Além da necessidade de
dar aos alunos perdições por escrito, o grande estímulo para tal exaustivo
trabalho partiu de Guimarães Rosa, quando, na famosa entrevista concedida a
Günter Lorenz, proferiu: “Meu lema é: a linguagem e a vida são uma coisa só. Quem
não fizer do idioma o espelho de sua personalidade não vive; e como a vida é
uma corrente contínua, a linguagem também deve evoluir constantemente” (ROSA in
LORENZ, 1973, p. 20). E mais adiante nessa mesma entrevista, temos um dizer
fulcral e que foi usado como epígrafe do livro: “Cada palavra é, segundo sua
essência, um poema.”
Acima mencionei 121
possibilidades abismais. Mas qual mistério por trás desse número, 121? Arrisco
um palpite: autonomia de voo na e com a linguagem durante a grafia encantada
pelo poético! Sim, 121, não 122 nem 456. São 121 palavras que foram
criteriosamente selecionadas para integrar este livro:
O leitor tem em mãos um livro
constituído por um conteúdo aparentemente estranho: 121 palavras, às quais
correspondem 121 pequenos ensaios de, no máximo, duas páginas. Não se trata de
um dicionário, pois não se reduz a um mero levantamento de significados. O que
é, então, ou melhor, o que pretende ser este livro? A tal pergunta responde seu
título: um Convite ao pensar. Desse
modo, não pretende introduzir nada, pois o pensar não depende de introdução.

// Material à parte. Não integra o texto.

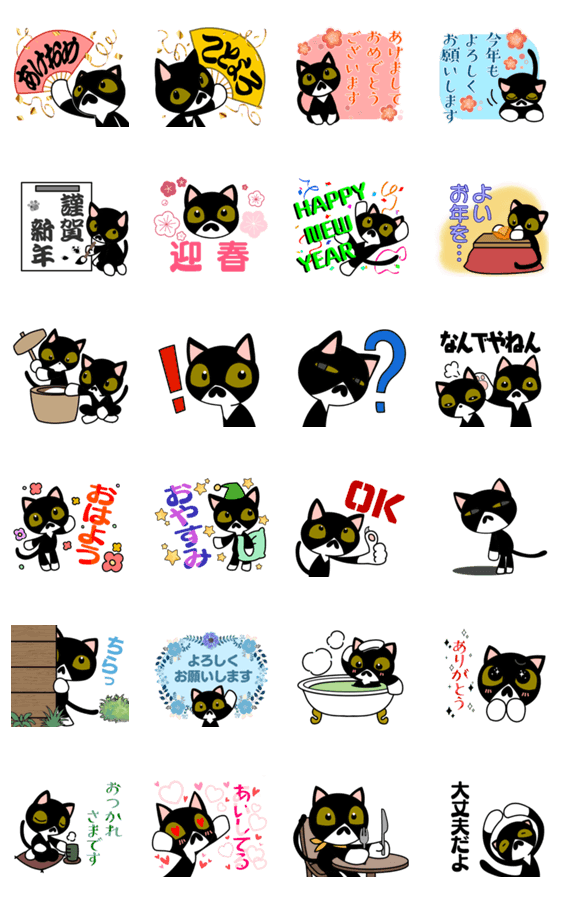 はちわれヒゲ猫のあけおめスタンプ -LINEスタンプマニア

Vivendo, já nos movemos no pensar. Por ele, no questionar, vigoramos.[1]
O trecho acima foi
retirado da apresentação do livro, na qual, mais à frente, encontramos:
Procurou-se em cada palavra
estabelecer uma dialética, na qual nada se exclui, muito embora se desconfie
dos significados dominantes e engessados. Dessa maneira, todas as palavras se
interligam e procuram estabelecer um círculo poético de abertura para se
compreender melhor o que somos e nos cerca histórica e conjunturalmente. A
ligação entre elas dependerá do interesse do leitor, o que será ajudado pelo
Índice Remissivo e pelas indicações bibliográficas. Estas têm a finalidade de permitir
o aprofundamento das questões.
Quanto à construção,
organização interna do livro, o mosaico se estende à diversidade do pensamento
encontrado nos 16 autores que escreveram os pequenos ensaios que integram essa
rede de 121 palavras:
propusemos o presente livro,
convidando diferentes autores para pensarem a poética de cada palavra,
contrapondo-a com seu uso banal, cotidiano, desgastado, e resgatando suas
possibilidades de inaugurarem sempre novas e poéticas realizações. Assim como
os autores se viram livres para dialogar conosco no pensar de cada palavra que
lhes coube, os leitores também estarão livres para questionar e que, no diálogo
com todas, entrevejam em si as possibilidades que já receberam para se
realizarem, de maneira que a vida de cada um se torne um autopoema.
Portanto, não foi
erigido apenas um livro teórico, e sim um rearranjo léxico que desempoeira a
estabilidade vocabulatória do nosso idioma. As palavras são saltos, fecundações
aurais, aórgicas e orgíacas entre realidades que desempenham limites e
florações semânticas. O convite está aberto a todos, que sejam bem-vindos!
Referências
CASTRO, Manuel Antônio de et al. (orgs.). Convite ao pensar. Rio de Janeiro: Tempo
Brasileiro, 2014.
LORENZ, Günter. “Guimarães Rosa”. Diálogo com a América Latina. São Paulo:
E.P.U., 1973.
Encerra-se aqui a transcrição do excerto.